The come verses 5 and 6 and suddenly, things change. Something is working. I’ve discovered something. I’ve discovered resolve. I’ve discovered that memory and will are a powerful combination. I DO remember Jerusalem. I DO remember joy. And I do remember that if I DON’T remember, no one else will help me. Only I can overcome this – and I… can. My right hand (or, to be PC for we lefties, my left hand) so limp for so long, slowly, slowly…forms a fist. ,
I’m using that hand again. I’m writing again! I’m pumping iron – I’m getting back into shape – and my tongue – I’m talking again – verbalizing the pain – letting it out.

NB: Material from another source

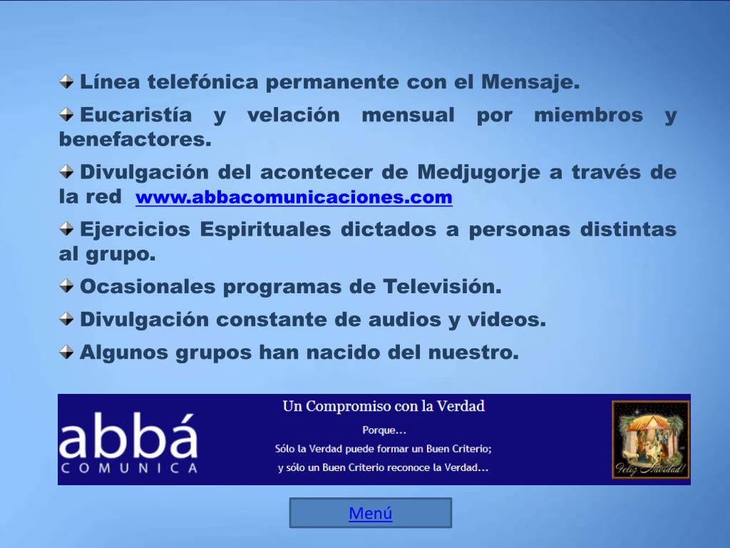 Línea telefónica permanente con el Mensaje. • Eucaristía y velación mensual por miembros y benefactores. • Divulgación del acontecer de Medjugorje a través de la red www.abbacomunicaciones.com • Ejercicios Espirituales dictados a personas distintas al grupo. • Ocasionales programas de Televisión. • Divulgación constante de audios y videos. • Algunos grupos han nacido del nuestro. Menú

Then come the last three verses. “I am strong. I have lifted myself up from the river bank and I see that, indeed, I am NOT alone. God is there!” --What we mean by “God” here, by the way, is simply that I am not alone. I am connected. The forces around me and within me are being marshaled to defeat the enemy – the cancer, the loneliness, the rootlessness, the alienation, the cynicism, the anger, the exhaustion, the hatred. And we’re not only going to defeat that enemy, we’re going to obliterate it at its roots – even it’s potential recurrence, its “children,” will be crushed against the rock. The hopelessness ITSELF will be drained of hope. The rootlessness ITSELF will be uprooted.
That is how Psalm 137 can speak to us – and how it can heal us.
May that day soon come to pass when the homeless and hopeless shall weep by the river no more.